▸ **ASSIGNED TASK**: Please reproduce, exactly as given, the lines running from the start of the data to the line containing "从目前来看,加、澳、新,英四", inclusive, and omit the pictures.

(Records from a data collection)
•••••

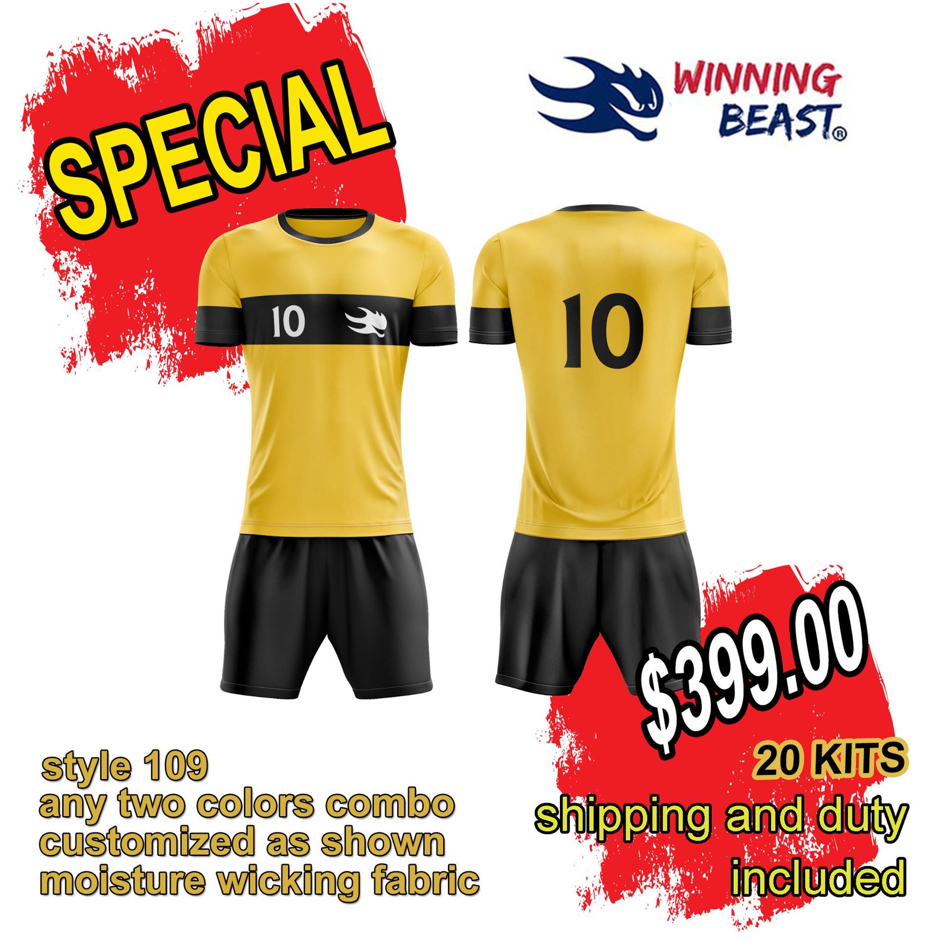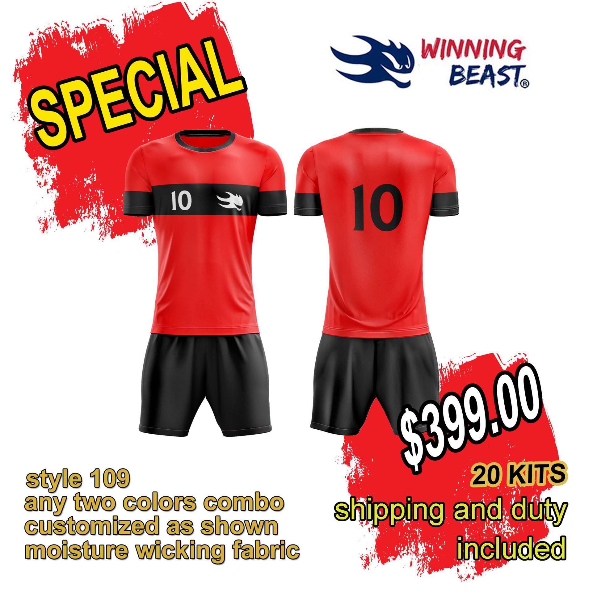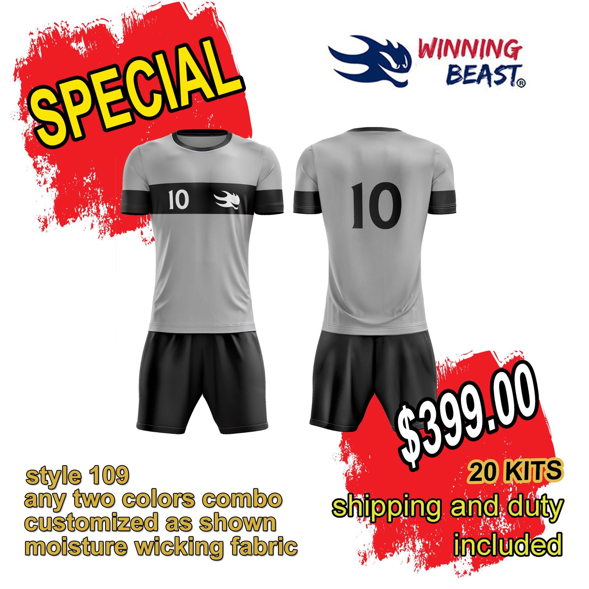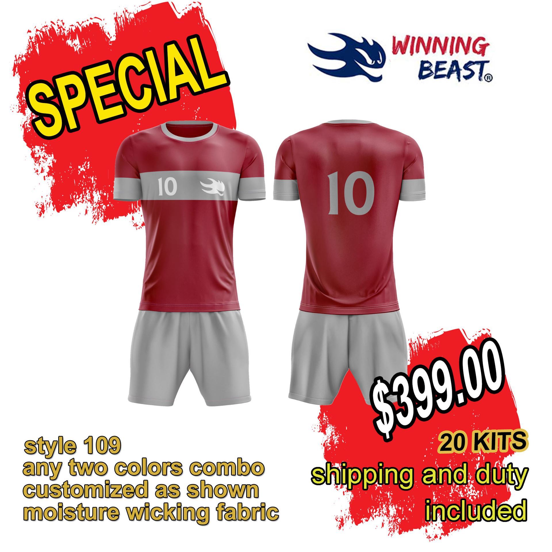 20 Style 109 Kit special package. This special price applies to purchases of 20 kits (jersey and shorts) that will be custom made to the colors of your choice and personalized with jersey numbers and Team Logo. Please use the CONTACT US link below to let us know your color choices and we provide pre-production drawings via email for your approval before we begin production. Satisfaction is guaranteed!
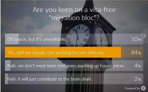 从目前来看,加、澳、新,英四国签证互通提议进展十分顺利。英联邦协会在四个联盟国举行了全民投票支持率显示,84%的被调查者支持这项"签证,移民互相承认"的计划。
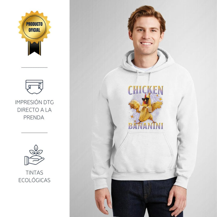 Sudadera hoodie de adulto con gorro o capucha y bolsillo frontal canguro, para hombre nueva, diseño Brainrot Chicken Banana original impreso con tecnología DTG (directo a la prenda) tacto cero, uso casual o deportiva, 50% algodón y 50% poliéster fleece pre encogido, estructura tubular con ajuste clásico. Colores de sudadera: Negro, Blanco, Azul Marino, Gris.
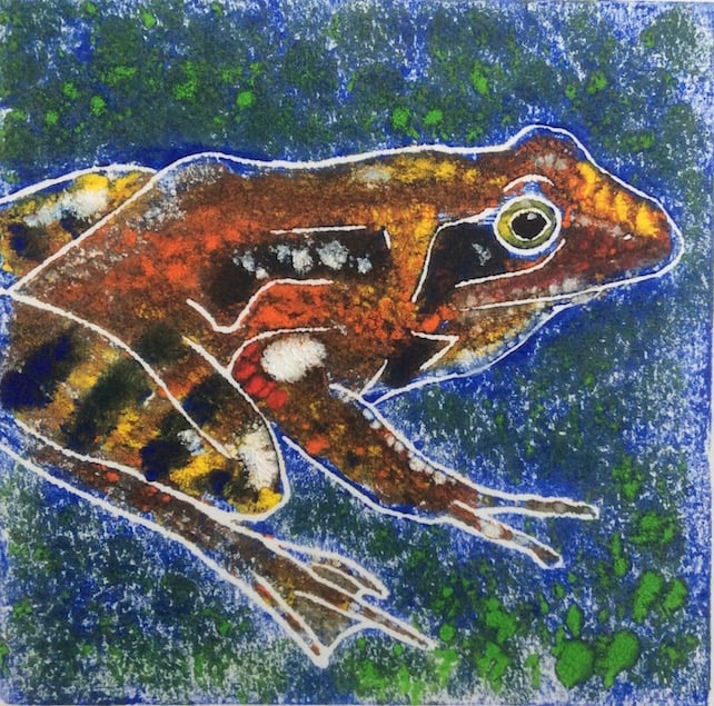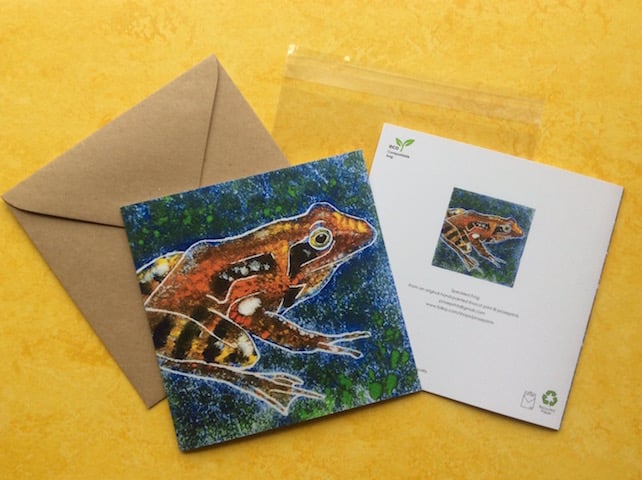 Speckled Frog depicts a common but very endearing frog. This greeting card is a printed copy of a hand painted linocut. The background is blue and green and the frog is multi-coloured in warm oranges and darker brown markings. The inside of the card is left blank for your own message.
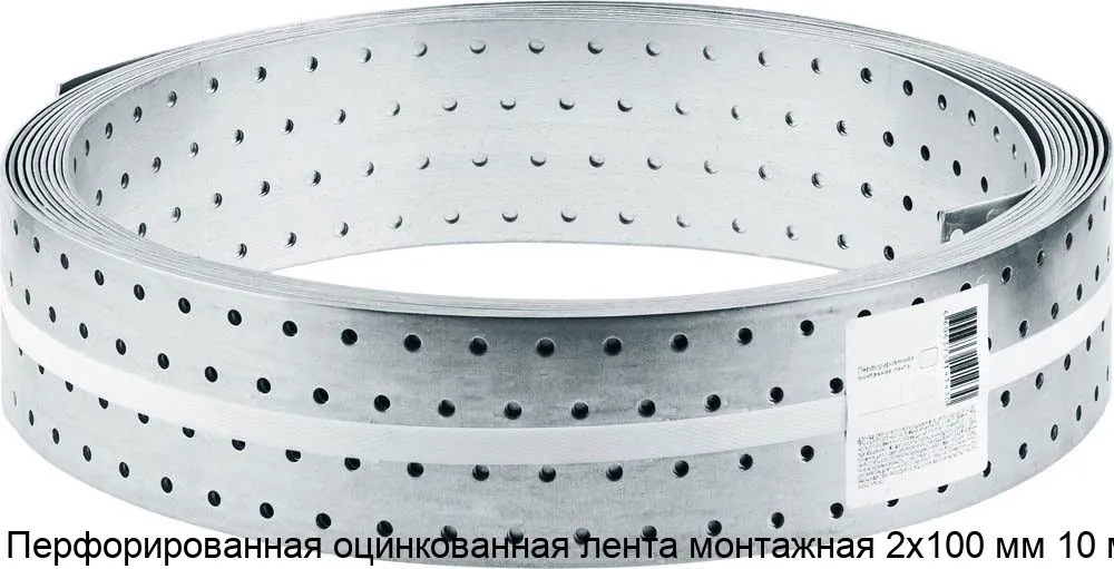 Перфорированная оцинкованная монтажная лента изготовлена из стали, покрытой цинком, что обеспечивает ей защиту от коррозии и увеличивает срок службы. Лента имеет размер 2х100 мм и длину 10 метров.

•••••

▸ **SOLUTION TO THIS TASK**:
 20 Style 109 Kit special package. This special price applies to purchases of 20 kits (jersey and shorts) that will be custom made to the colors of your choice and personalized with jersey numbers and Team Logo. Please use the CONTACT US link below to let us know your color choices and we provide pre-production drawings via email for your approval before we begin production. Satisfaction is guaranteed!
 从目前来看,加、澳、新,英四国签证互通提议进展十分顺利。英联邦协会在四个联盟国举行了全民投票支持率显示,84%的被调查者支持这项"签证,移民互相承认"的计划。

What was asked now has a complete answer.